<<<<

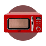 Microondas RCA modelo Vintage, con una capacidad de 20 litros, diseño moderno en color rojo y dimensiones compactas (26 cm de alto x 33 cm de ancho x 33 cm de profundidad). Cuenta con pantalla digital, reloj digital, función de cocción rápida, función de descongelar y bloqueo de seguridad para niños. Ideal para cocinar, calentar y descongelar alimentos de manera rápida y segura.
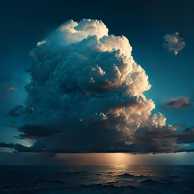 Behold the breathtaking spectacle of nature's theater as it unfolds above the expansive canvas of the ocean. In this interesting image, the sky comes alive with the grandeur of cumulus clouds, their majestic forms hinting at the potential for a dramatic thunderstorm. As the day draws to a close, th...
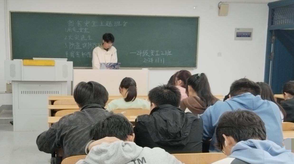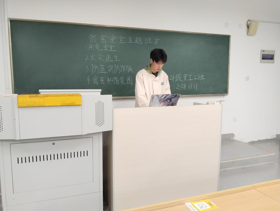 为了加强宿舍安全教育,提高同学们的安全防范意识,2024年11月11日晚19:00点,24级安全工程2班在南教201举行了以“宿舍安全教育”为主题的班会。此次班会讲到的宿舍安全问题,关系到每位同学的生命安全及切身利益。班会共有29位同学参与,由24级安全工程2班班长张金涛主持。
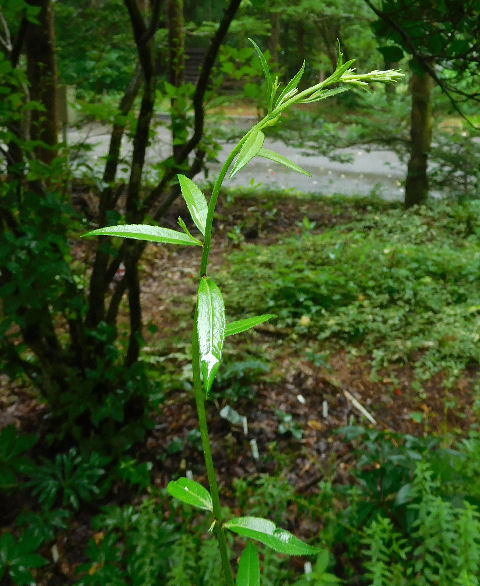 庭で心配だったのはコレ,ツリガネニンジン.1m以上に伸びていて倒れてるかと思いきや,案外平気で立っていた.ようやく花芽が分かるくらいで,花はまだ先.開花するまで無事で居てもらいたい.
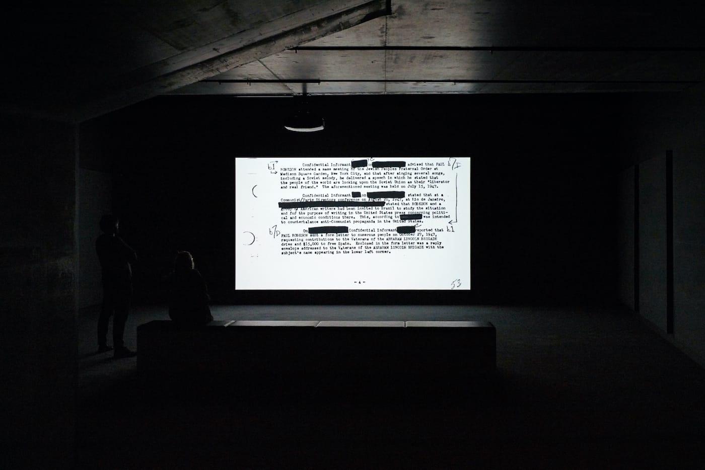 The least effective of these is End Credits (2012-ongoing), a film buzzing like a frantic fly about the subject of the singer and civil rights activist Paul Robeson (1898-1976), who was blacklisted and then put under surveillance by the FBI.

>>>>

What the exercise asks: Nothing but the lines from the one that holds "为了加强宿舍安全教育,提高同" through the end of the data should appear, written out exactly, without pictures.

The answer:
 为了加强宿舍安全教育,提高同学们的安全防范意识,2024年11月11日晚19:00点,24级安全工程2班在南教201举行了以“宿舍安全教育”为主题的班会。此次班会讲到的宿舍安全问题,关系到每位同学的生命安全及切身利益。班会共有29位同学参与,由24级安全工程2班班长张金涛主持。
 庭で心配だったのはコレ,ツリガネニンジン.1m以上に伸びていて倒れてるかと思いきや,案外平気で立っていた.ようやく花芽が分かるくらいで,花はまだ先.開花するまで無事で居てもらいたい.
 The least effective of these is End Credits (2012-ongoing), a film buzzing like a frantic fly about the subject of the singer and civil rights activist Paul Robeson (1898-1976), who was blacklisted and then put under surveillance by the FBI.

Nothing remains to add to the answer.